Una historia entrañable y cargada de sentido positivo, que busca el lado amable de todos los personajes y que no hurga en los aspectos miserables que se suponen en algunos, tal y como deja constancia una fotografía luminosa y diáfana. Situaciones dramáticas de un David y Dennis que se necesitan y ayudan, que se dan su tiempo y se confían hasta llegar incluso a entenderse en el “lenguaje de los marcianos” –simpática es la escena del baile en que el niño arrastra al padre– cuando poco antes ha sido éste quien le haya enseñado el valor relativo de las cosas en la curiosa y práctica guerra de platos y tomate. “Nos movemos en el extraño universo de las relaciones humanas, donde un montón de partículas se juntan en unos cuerpos para buscarse y ayudarse a ser felices”: esta es la explicación con que David trata de convencer al nuevo E.T. que quiere volver “a su casa”, y así hacerle ver que en la Tierra tiene su sitio y misión.
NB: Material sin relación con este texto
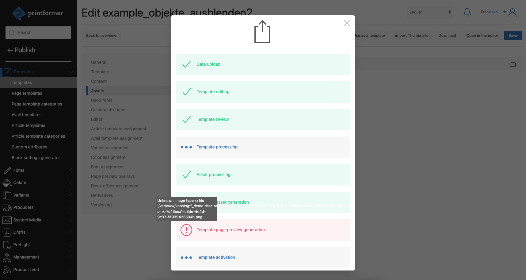 If errors occur here, this is indicated accordingly in the left menu area. In our case, the missing assignment of a file (logo). This can then be linked as before in the corresponding menu via the folder symbol, the file manager and then saving. (Another example is missing fonts used in the document, which can then be uploaded later).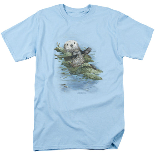 Wildlife Kelp Cradle Otters Mens T Shirt Light Blue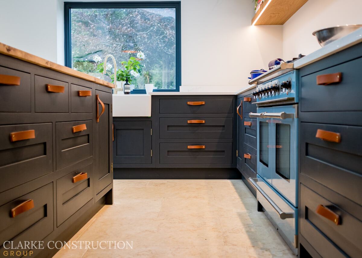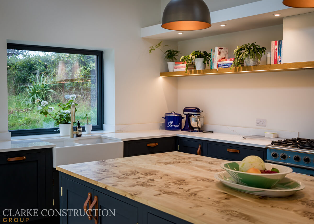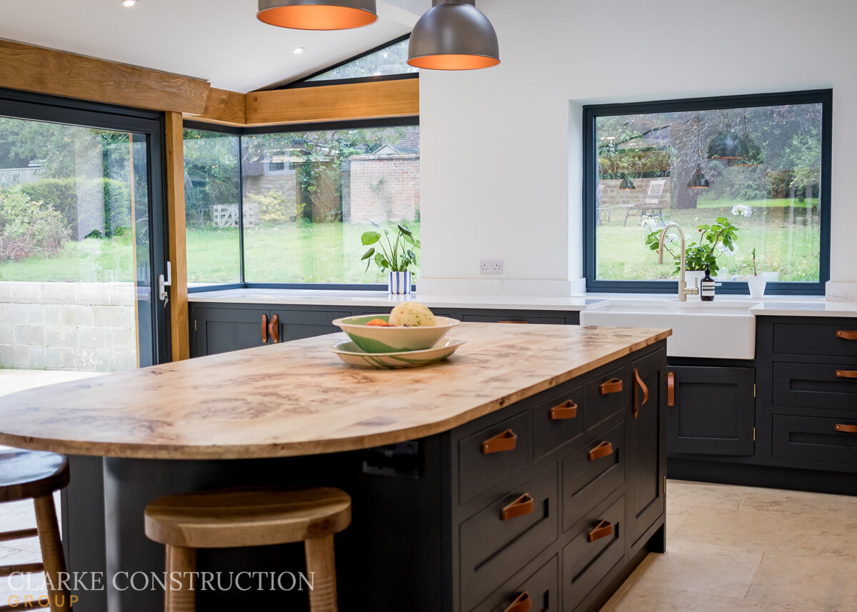 Clean, contemporary design lines are the hallmark of this kitchen. They create a sense of spaciousness, enhancing the overall aesthetics of the room. The large windows, which flood the space with natural light, offer breathtaking views across the picturesque Warwickshire countryside. It's a harmonious blend of modern design and the stunning natural surroundings, ensuring that the kitchen is not only a functional space but also a place to immerse in the beauty of the outdoors.

Un proceso gradual en la educación en la afectividad, lleno de paciencia y comprensión, con numerosos pasajes muy ilustradores de tal empeño que no esconden su carácter didáctico y aleccionador, con momentos en que lo sentimental se adueña de la historia hasta derivar hacia lo sensiblero, pero con otros de auténtica emoción –como el final dramático, en que el niño angustiado se pregunta por el porqué de todo lo ocurrido–.

El guión es narrativamente convencional y complaciente en el contenido, de ritmo irregular pero con un suspense sobre el origen del niño muy bien dosificado y preservado, con lo que la cinta conserva hasta el final la carta del desenlace incierto… si no supiéramos que “esto es América”. La puesta en escena y la planificación de Meyjes no esconden ningún artificio ni pretensión estética, a pesar de algunos planos cenitales que quieren referirse al origen extraterrestre del chaval y a la mirada de los marcianos, lo mismo que ese zoom de aproximación desde el Cosmos con que se inicia la película. Estamos ante un film muy americano y de aires televisivos, con su juego de béisbol y sus sándwich de queso fundido, con su marketing editorial de lanzar un libro a la conquista del mercado como si se tratara de un gran espectáculo. Es también el reflejo de un mundo literario que necesita nutrirse de la vida, y de un Harry Potter espacial que comienza protegiéndose de la luz solar con una caja de cartón o con cremas, que lucha contra la gravedad con un cinturón de pesos, o que busca a sus padres en un planeta tan imaginario –siempre la imaginación, poderoso lugar de evasión y autoprotección– como el construido por Rowling.

Una historia capriana con algunos tópicos y situaciones algo manidas, que cobran vida y frescura gracias a la buena interpretación de John Cusack en un papel de padre que necesita recuperar su lugar en el mundo tras haber sufrido la tragedia –en un registro semejante al de “La vida sin Grace”–, aquí con el mérito de sacar de un niño-actor toda naturalidad que le haga ser él mismo –esta es la máxima con que David trata de educar a su hijo adoptivo– y con la versatilidad emocional que su personaje precisa. Pero mejores sensaciones dejan las breves apariciones de su hermana Joan Cusack –también su hermana en la película–, con una chispa y frescura que dan otro aire al tono contenido del resto de la película. En cuanto al niño Bobby Coleman, es una pena soportar un doblaje que le quita toda su inocencia y expresividad y que impide valorar su interpretación, en principio no destacable ni excepcional.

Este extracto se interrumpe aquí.